CT-based quantification of intratumoral heterogeneity for predicting pathologic complete response to neoadjuvant immunochemotherapy in non-small cell lung cancer

Objectives To investigate the prediction of pathologic complete response (pCR) in patients with non-small cell lung cancer (NSCLC) undergoing neoadjuvant immunochemotherapy (NAIC) using quantification of intratumoral heterogeneity from pre-treatment CT image. Methods This retrospective study included 178 patients with NSCLC who underwent NAIC at 4 different centers. The training set comprised 108 patients from center A, while the external validation set consisted of 70 patients from center B, center C, and center D. The traditional radiomics model was contrasted using radiomics features. The radiomics features of each pixel within the tumor region of interest (ROI) were extracted. The optimal division of tumor subregions was determined using the K-means unsupervised clustering method. The internal tumor heterogeneity habitat model was developed using the habitats features from each tumor sub-region. The LR algorithm was employed in this study to construct a machine learning prediction model. The diagnostic performance of the model was evaluated using criteria such as area under the receiver operating characteristic curve (AUC), accuracy, specificity, sensitivity, positive predictive value (PPV), and negative predictive value (NPV). Results In the training cohort, the traditional radiomics model achieved an AUC of 0.778 [95% confidence interval (CI): 0.688-0.868], while the tumor internal heterogeneity habitat model achieved an AUC of 0.861 (95% CI: 0.789-0.932).

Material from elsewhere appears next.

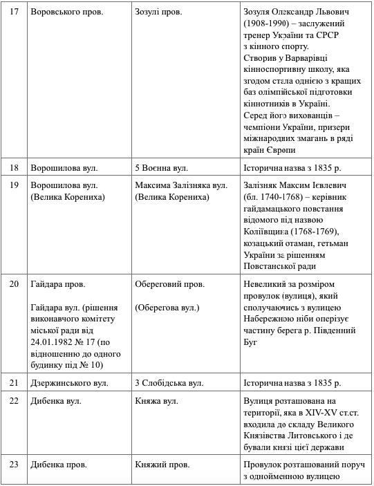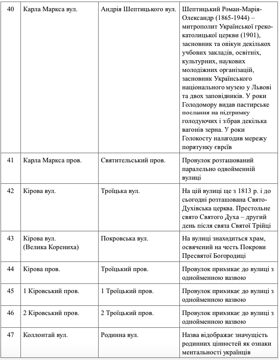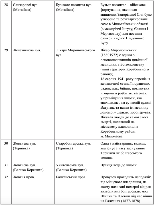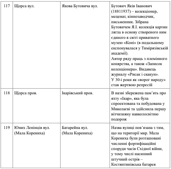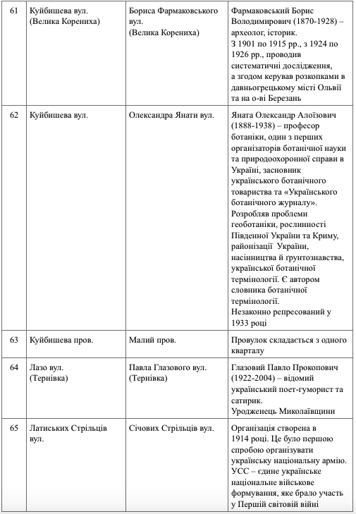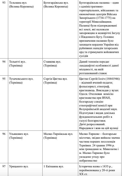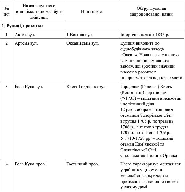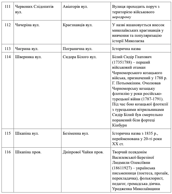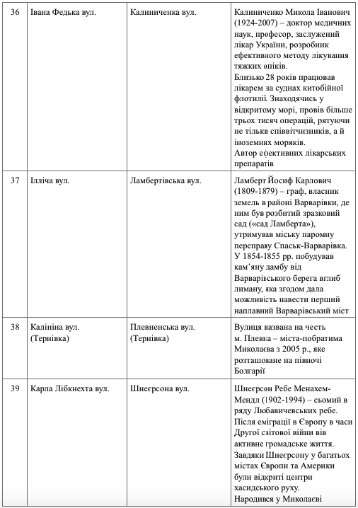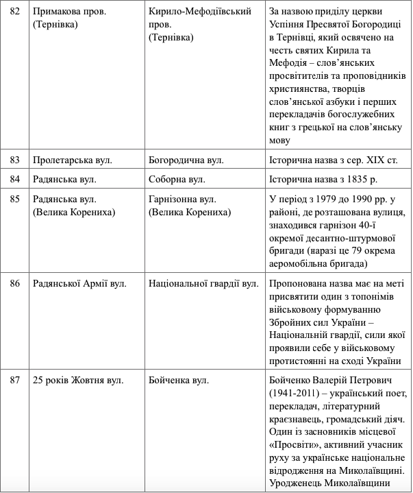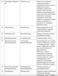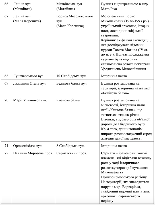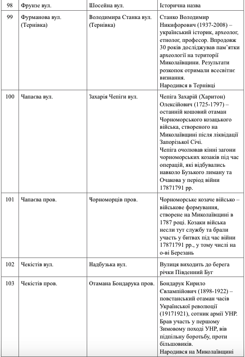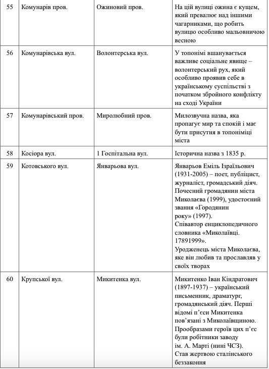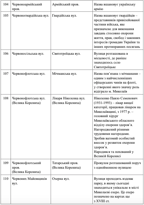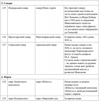 На сайте Николаевского городского совета был опубликован полный перечень объектов топонимики, которые были переименованы распоряжением мэра города Александра Сенкевича во исполнение закона «о декоммунизации».

The tumor internal heterogeneity habitat model exhibits a higher AUC value. It demonstrates an accuracy of 0.815, surpassing the accuracy of 0.685 achieved by traditional radiomics models. In the external validation cohort, the AUC values of the two models were 0.723 (CI: 0.591-0.855) and 0.781 (95% CI: 0.673-0.889), respectively. The habitat model continues to exhibit higher AUC values. In terms of accuracy evaluation, the tumor heterogeneity habitat model outperforms the traditional radiomics model, achieving a score of 0.743 compared to 0.686. Conclusion The quantitative analysis of intratumoral heterogeneity using CT to predict pCR in NSCLC patients undergoing NAIC holds the potential to inform clinical decision-making for resectable NSCLC patients, prevent overtreatment, and enable personalized and precise cancer management.